* [WHAT YOU HAVE TO DO]: Start at the line below containing "The bag’s structure" and stop at the line containing "Dublin turned out". Repeat every line of that stretch exactly, and nothing outside it.

* [INFORMATION SUPPLIED]:
• • • • • • •

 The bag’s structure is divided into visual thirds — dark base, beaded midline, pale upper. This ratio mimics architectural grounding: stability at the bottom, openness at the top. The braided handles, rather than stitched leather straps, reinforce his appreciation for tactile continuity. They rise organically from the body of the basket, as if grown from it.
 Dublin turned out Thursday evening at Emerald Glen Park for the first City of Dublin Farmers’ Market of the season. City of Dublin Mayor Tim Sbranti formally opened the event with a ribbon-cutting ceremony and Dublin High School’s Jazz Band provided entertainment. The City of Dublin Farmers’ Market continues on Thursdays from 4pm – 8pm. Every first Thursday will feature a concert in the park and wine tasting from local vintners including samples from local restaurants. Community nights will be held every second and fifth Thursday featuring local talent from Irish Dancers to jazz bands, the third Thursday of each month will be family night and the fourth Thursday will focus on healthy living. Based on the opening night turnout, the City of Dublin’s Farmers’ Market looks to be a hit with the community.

• • • • • • •

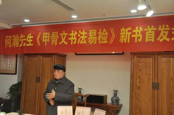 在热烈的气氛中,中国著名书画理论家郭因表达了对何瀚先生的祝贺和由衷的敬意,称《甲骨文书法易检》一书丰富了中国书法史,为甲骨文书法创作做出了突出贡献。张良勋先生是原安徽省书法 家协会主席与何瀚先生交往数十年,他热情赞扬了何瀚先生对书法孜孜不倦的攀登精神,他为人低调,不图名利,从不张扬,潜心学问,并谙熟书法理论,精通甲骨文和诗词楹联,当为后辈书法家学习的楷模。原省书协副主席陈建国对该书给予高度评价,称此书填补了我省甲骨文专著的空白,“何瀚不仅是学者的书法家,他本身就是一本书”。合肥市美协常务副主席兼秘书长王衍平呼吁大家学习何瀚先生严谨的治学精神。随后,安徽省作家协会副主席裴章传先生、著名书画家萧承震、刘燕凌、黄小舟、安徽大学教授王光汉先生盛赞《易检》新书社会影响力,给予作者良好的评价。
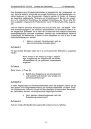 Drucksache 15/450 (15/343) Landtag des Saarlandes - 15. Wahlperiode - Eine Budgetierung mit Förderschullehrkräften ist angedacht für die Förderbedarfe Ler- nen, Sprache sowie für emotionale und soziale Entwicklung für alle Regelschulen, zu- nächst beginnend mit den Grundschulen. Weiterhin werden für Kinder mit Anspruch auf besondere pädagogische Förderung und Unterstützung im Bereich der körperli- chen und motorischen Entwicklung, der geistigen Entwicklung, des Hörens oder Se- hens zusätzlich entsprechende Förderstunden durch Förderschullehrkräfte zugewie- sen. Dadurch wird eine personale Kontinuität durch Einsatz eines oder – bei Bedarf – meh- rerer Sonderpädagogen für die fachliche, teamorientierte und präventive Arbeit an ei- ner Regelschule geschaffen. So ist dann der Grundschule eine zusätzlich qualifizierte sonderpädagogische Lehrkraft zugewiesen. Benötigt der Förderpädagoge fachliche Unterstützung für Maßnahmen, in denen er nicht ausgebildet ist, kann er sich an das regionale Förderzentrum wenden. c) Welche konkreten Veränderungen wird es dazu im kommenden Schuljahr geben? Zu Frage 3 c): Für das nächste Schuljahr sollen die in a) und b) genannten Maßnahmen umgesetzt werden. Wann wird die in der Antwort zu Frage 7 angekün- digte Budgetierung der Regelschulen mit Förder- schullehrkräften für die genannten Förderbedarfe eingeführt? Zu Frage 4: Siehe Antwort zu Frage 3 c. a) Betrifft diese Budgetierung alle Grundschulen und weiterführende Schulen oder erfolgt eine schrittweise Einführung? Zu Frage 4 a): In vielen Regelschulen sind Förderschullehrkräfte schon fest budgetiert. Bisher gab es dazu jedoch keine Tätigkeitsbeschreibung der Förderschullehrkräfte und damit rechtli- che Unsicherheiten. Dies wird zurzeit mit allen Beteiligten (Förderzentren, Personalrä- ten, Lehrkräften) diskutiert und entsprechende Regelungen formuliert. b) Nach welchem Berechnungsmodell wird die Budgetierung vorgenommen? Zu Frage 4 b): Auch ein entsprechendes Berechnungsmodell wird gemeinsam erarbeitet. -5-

• • • • • • •

* [RESPONSE TO THIS TASK]:
 The bag’s structure is divided into visual thirds — dark base, beaded midline, pale upper. This ratio mimics architectural grounding: stability at the bottom, openness at the top. The braided handles, rather than stitched leather straps, reinforce his appreciation for tactile continuity. They rise organically from the body of the basket, as if grown from it.
 Dublin turned out Thursday evening at Emerald Glen Park for the first City of Dublin Farmers’ Market of the season. City of Dublin Mayor Tim Sbranti formally opened the event with a ribbon-cutting ceremony and Dublin High School’s Jazz Band provided entertainment. The City of Dublin Farmers’ Market continues on Thursdays from 4pm – 8pm. Every first Thursday will feature a concert in the park and wine tasting from local vintners including samples from local restaurants. Community nights will be held every second and fifth Thursday featuring local talent from Irish Dancers to jazz bands, the third Thursday of each month will be family night and the fourth Thursday will focus on healthy living. Based on the opening night turnout, the City of Dublin’s Farmers’ Market looks to be a hit with the community.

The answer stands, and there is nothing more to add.